What is being asked:
Your answer should be the lines from the one with "отчаяния до блаженства." to the end of the data below, both included, exact and free of pictures.

Collected data:
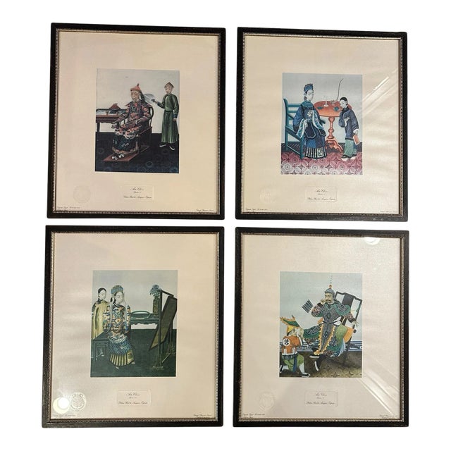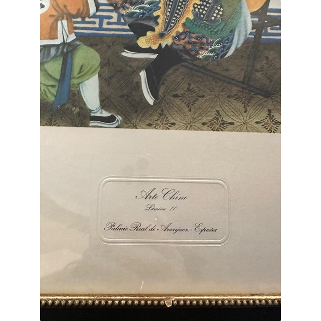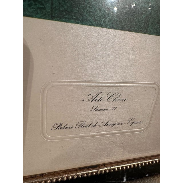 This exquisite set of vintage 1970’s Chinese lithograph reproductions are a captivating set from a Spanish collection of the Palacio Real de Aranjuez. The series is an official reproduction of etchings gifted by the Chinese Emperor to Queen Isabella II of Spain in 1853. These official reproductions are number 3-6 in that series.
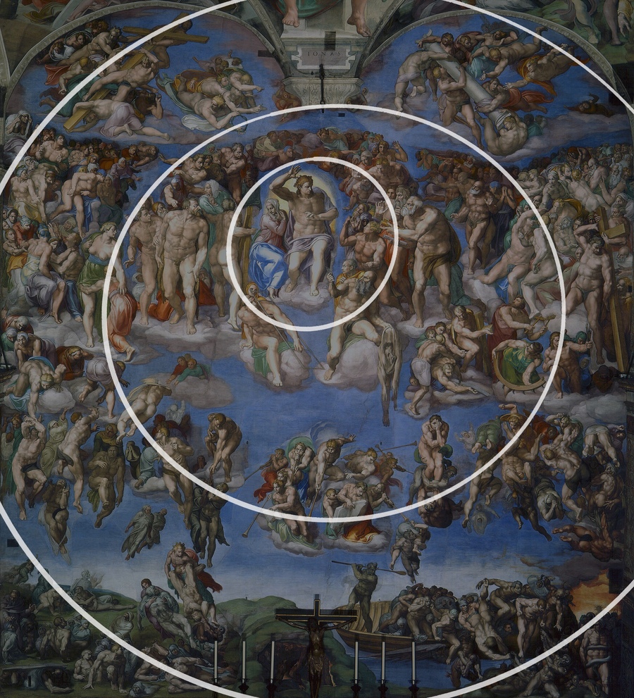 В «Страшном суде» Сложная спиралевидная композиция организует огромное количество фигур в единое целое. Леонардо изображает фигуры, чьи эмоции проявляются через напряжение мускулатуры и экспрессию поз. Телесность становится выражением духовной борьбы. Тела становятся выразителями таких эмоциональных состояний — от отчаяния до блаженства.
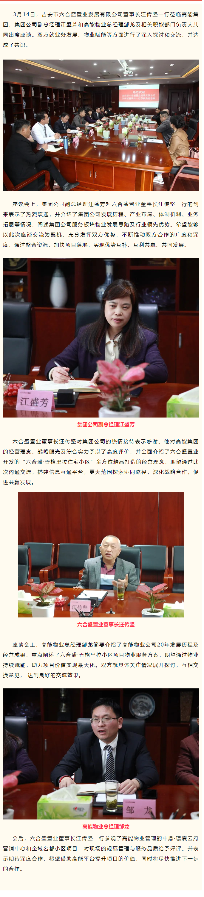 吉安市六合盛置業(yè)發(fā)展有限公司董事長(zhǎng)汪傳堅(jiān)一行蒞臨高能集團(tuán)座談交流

Task response:
 В «Страшном суде» Сложная спиралевидная композиция организует огромное количество фигур в единое целое. Леонардо изображает фигуры, чьи эмоции проявляются через напряжение мускулатуры и экспрессию поз. Телесность становится выражением духовной борьбы. Тела становятся выразителями таких эмоциональных состояний — от отчаяния до блаженства.
 吉安市六合盛置業(yè)發(fā)展有限公司董事長(zhǎng)汪傳堅(jiān)一行蒞臨高能集團(tuán)座談交流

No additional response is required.